• [INFORMATION SHOWN]:
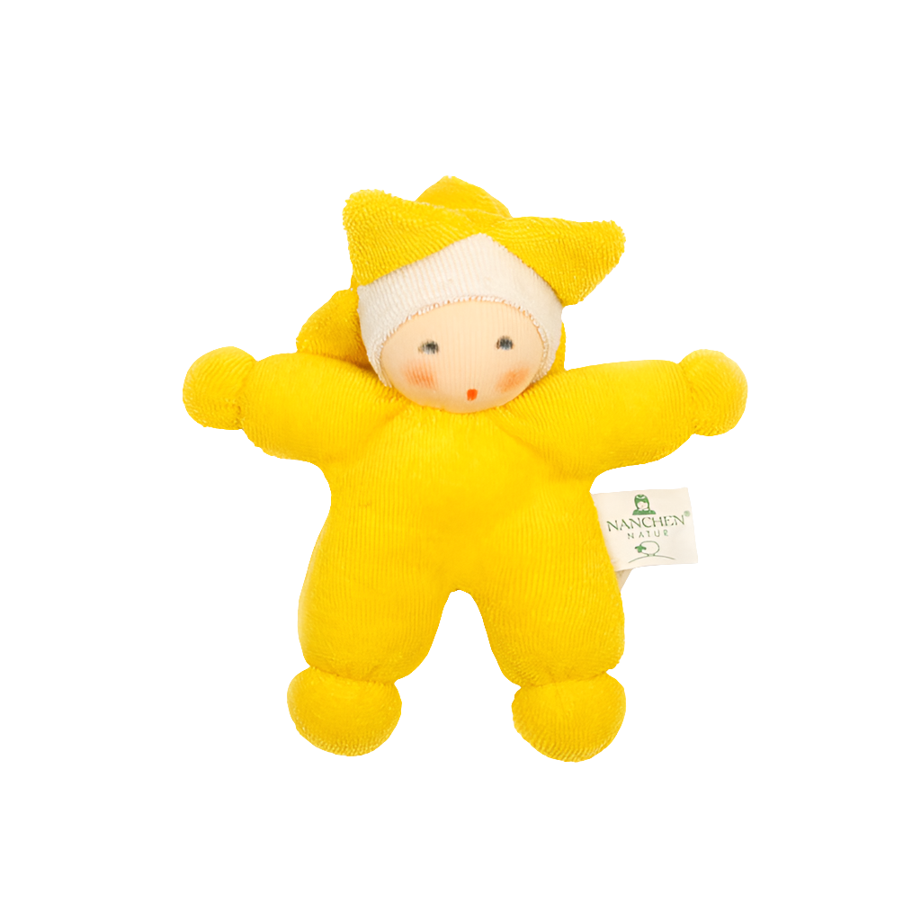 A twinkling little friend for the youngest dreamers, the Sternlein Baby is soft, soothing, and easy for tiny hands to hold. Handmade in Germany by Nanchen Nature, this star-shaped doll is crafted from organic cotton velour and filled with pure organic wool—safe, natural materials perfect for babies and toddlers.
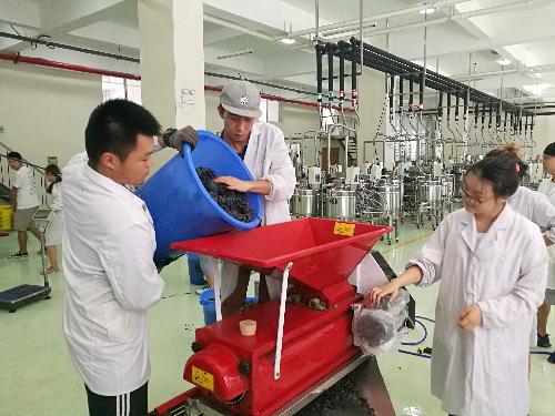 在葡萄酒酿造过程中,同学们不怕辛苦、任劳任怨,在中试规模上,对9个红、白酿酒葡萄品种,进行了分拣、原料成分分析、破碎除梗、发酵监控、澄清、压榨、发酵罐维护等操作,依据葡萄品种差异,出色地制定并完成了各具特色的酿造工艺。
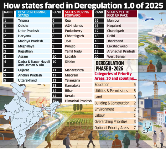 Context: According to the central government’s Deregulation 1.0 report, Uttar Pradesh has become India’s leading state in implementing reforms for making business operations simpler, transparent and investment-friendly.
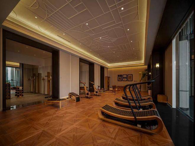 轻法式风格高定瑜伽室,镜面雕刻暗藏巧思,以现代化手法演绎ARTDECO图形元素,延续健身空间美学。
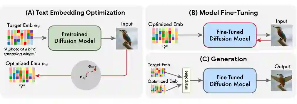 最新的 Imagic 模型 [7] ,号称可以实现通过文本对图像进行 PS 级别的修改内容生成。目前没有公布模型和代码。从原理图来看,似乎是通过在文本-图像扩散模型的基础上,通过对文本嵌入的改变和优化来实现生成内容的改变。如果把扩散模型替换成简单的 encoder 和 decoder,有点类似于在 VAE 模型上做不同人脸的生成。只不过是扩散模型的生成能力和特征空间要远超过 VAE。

• [TRY IT]:
Pictures do not belong in the copy; repeat the rest of the listing exactly.

• [EXERCISE ANSWER]:
 A twinkling little friend for the youngest dreamers, the Sternlein Baby is soft, soothing, and easy for tiny hands to hold. Handmade in Germany by Nanchen Nature, this star-shaped doll is crafted from organic cotton velour and filled with pure organic wool—safe, natural materials perfect for babies and toddlers.
 在葡萄酒酿造过程中,同学们不怕辛苦、任劳任怨,在中试规模上,对9个红、白酿酒葡萄品种,进行了分拣、原料成分分析、破碎除梗、发酵监控、澄清、压榨、发酵罐维护等操作,依据葡萄品种差异,出色地制定并完成了各具特色的酿造工艺。
 Context: According to the central government’s Deregulation 1.0 report, Uttar Pradesh has become India’s leading state in implementing reforms for making business operations simpler, transparent and investment-friendly.
 轻法式风格高定瑜伽室,镜面雕刻暗藏巧思,以现代化手法演绎ARTDECO图形元素,延续健身空间美学。
 最新的 Imagic 模型 [7] ,号称可以实现通过文本对图像进行 PS 级别的修改内容生成。目前没有公布模型和代码。从原理图来看,似乎是通过在文本-图像扩散模型的基础上,通过对文本嵌入的改变和优化来实现生成内容的改变。如果把扩散模型替换成简单的 encoder 和 decoder,有点类似于在 VAE 模型上做不同人脸的生成。只不过是扩散模型的生成能力和特征空间要远超过 VAE。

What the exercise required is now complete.